There is a conflict of authority regarding discovery of insurance information prior to judgment in a personal injury action.

Such discovery has been permitted in Johanek v. Aberle, D.C.D.Mont.1961, 27 F.R.D. 272; Hurt v. Cooper, D.C.W.D. Ky.1959, 175 F.Supp. 712; Brackett v. Woodall Food Products Inc., D.C.E.D. Tenn.1951, 12 F.R.D. 4; Orgel v. McCurdy, D.C.S.D.N.Y.1948, 8 F.R.D. 585.

*396Such discovery has been denied in Roembke v. Wisdom, D.C.S.D.Ill.1958, 22 F.R.D. 197; Gallimore v. Dye, D.C.E.D. Ill.1958, 21 F.R.D. 283; McNelley v. Perry, D.C.E.D.Tenn.1955, 18 F.R.D. 360; McClure v. Boeger, D.C.E.D.Pa.1952, 105 F.Supp. 612.

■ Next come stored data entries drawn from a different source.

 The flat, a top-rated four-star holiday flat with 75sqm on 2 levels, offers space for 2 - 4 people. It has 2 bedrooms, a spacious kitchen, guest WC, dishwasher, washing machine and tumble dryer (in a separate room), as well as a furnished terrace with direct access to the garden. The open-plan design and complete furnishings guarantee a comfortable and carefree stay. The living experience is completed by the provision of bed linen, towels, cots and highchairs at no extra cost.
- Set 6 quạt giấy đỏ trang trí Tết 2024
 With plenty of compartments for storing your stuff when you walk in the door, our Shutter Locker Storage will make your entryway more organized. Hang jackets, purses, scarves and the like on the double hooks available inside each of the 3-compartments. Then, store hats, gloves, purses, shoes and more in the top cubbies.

Each of the cited cases was a negligence action arising out of an automobile accident. In principle, the same considerations for allowing or denying discovery of insurance information apply to the instant action for negligence in the maintenance of a building.

Upon the authority of the well reasoned opinion by Judge Jameson in Johanek v. Aberle, supra, this Court holds that discovery of insurance information is relevant to the subject matter of this negligence action. Accordingly, the objections to interrogatories 26 and 27 are overruled.

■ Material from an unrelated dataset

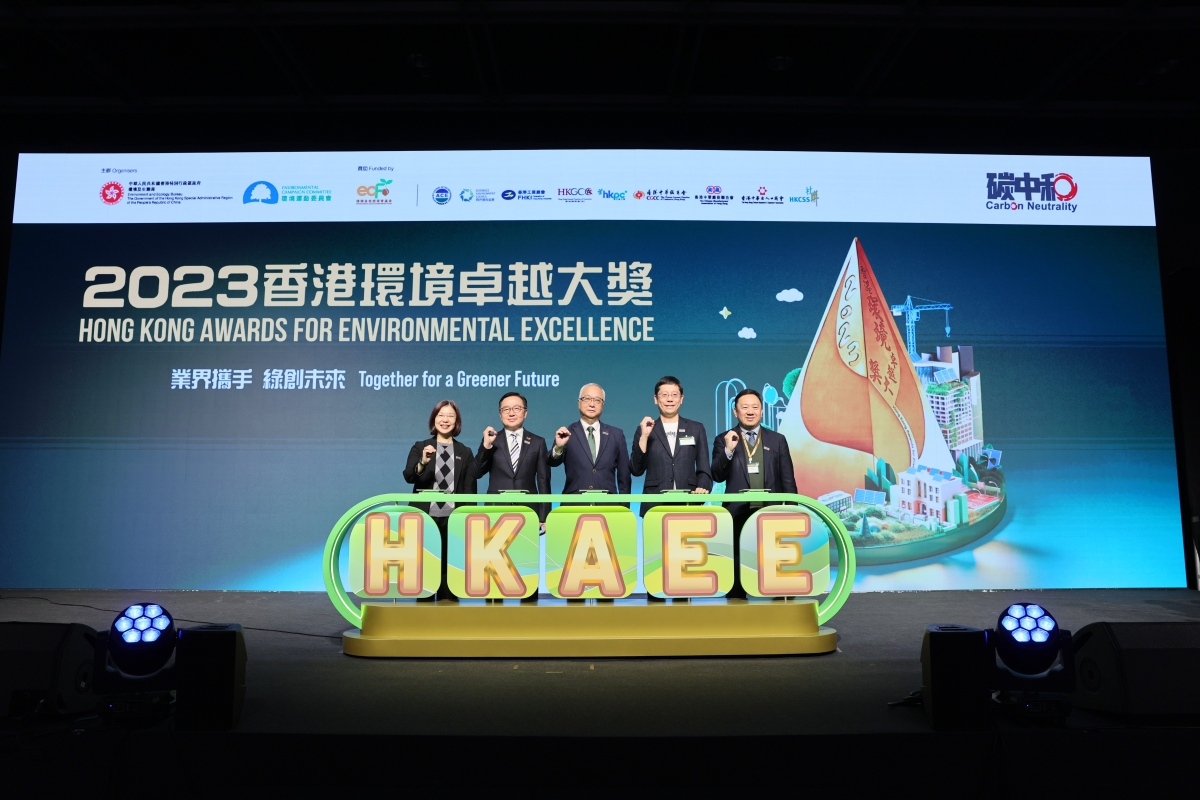 圖源:政府新聞處 下午的學校界別頒獎典禮,主禮嘉賓包括教育局副局長施俊輝博士、鄭錦鐘博士、黃傑龍教授、環運會教育工作小組召集人黃志強,以及環境及生態局氣候變化專員黃傳輝。典禮同場亦設有綠色校園資訊及體驗環節,透過互動資訊展覽、攤位遊戲和分享會,讓參加者向獲獎的綠色學校學習,了解並實踐低碳生活。 香港環境卓越大獎旨在嘉許於14個不同界別中具出色環保表現的機構,評審準則分為“環保領導”、“環保計劃與表現”及“夥伴協力合作”三個範疇。同日頒發的香港綠色創新大獎旨在鼓勵本地機構以嶄新的綠色方案應對環保挑戰,締造環境效益。評審標準包括“創新水平”、“環保成就”和“實用性及對社會的貢獻”三個範疇。各參賽機構經技術顧問作出兩輪評審後,由環運會及本港主要商會等不同界別的代表組成的最終評審委員會選出各金、銀、銅獎得主。 2023年度香港環境卓越大獎的參賽機構數目再創歷年新高,共有3584間,較2008年該獎項推出時增加逾八倍。本年度共有53間機構分別獲頒發金、銀、銅獎,以及158間機構獲頒發優異獎。2023年度香港綠色創新大獎共有78個參賽項目,約是2011年該獎項成立時的五倍。大會為嘉許管理層及員工在致力促進機構和社區環保的努力,並表揚其卓越表現和熱誠,亦選出一名“最傑出綠色菁英”、四名“傑出綠色菁英”及五名“綠色菁英”,另有38間機構成為“傑出香港環境卓越大獎推廣夥伴”。 香港環境卓越大獎由環境及自然保育基金贊助,並由環運會主辦、環境及生態局、環境諮詢委員會、商界環保協會、香港中華總商會、香港中華廠商聯合會、香港工業總會、香港中華出入口商會、香港社會服務聯會、香港總商會和香港生產力促進局合辦。 (完) 【編輯:譚暢】

Discovery as to Subsequent Repairs or Modifications

There also is a conflict of authority regarding discovery of subsequent repairs or modifications. Compare Needles v. F. W. Woolworth Co., D.C.E.D. Pa.1952, 13 F.R.D. 460 (discovery as to subsequent repairs denied) with Baker v. Procter & Gamble Co., D.C.S.D.N.Y. 1952, 17 Fed.Rules Serv. 30b.352, Case 1 (discovery in product liabilities case as to subsequent modifications of product allowed) .

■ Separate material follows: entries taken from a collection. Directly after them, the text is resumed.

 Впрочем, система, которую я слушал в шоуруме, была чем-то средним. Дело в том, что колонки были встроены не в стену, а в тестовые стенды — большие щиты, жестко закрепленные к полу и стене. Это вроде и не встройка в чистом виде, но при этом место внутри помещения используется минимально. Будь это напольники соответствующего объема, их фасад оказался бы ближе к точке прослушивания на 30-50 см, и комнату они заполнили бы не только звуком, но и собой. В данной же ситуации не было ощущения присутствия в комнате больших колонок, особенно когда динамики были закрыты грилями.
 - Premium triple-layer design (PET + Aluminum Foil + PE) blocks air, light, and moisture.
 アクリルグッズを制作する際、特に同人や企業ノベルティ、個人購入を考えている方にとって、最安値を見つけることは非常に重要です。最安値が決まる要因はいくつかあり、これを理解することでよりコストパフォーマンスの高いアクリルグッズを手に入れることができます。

This Court holds that discovery of information regarding repairs subsequent to the accident is relevant to the subject matter of this action; indeed, under certain circumstances evidence of subsequent repairs in personal injury actions may be admissible at the trial. Aprile v. Colonial Trust Co., 1934, 118 Conn. 573, 580, 173 A. 237, 240; Vinci v. O’Neill, 1925, 103 Conn. 647, 652, 131 A. 408, 410; 2 Wigmore, Evidence, § 283 (3d ed. 1940); cf. Choctaw, Oklahoma and Gulf R. R. Co. v. McDade, 1903, 191 U.S. 64, 24 S.Ct. 24, 48 L.Ed. 96.

That information sought is within the knowledge of the inquiring party is not ground to sustain objections to interrogatories. 4 Moore’s Federal Practice, ¶1 33.13, pp. 2293-2294 (2d ed. 1950); Grand Opera Co. v. Twentieth Century-Fox Film Corp., D.C.E.D.Ill.1957, 21 F.R.D. 39; Pappas v. Loew’s Inc., D.C. M.D.Pa.1953, 13 F.R.D. 471, 474.

Accordingly, the objections to interrogatories 30 and 31 are overruled.

Defendant Good Will Grange No. 127 is ordered to answer interrogatories 26, 27, 30 and 31 within 15 days from the date of this decision.

. Counsel have agreed as to the disposition of objections to the other interrogatories propounded to Good Will Grange No. 127; likewise they have agreed with respect to the objections to the 45 interrogatories propounded to Glastonbury Grange No. 26. Sueb agreement of counsel makes it unnecessary for the Court to rule on those objections.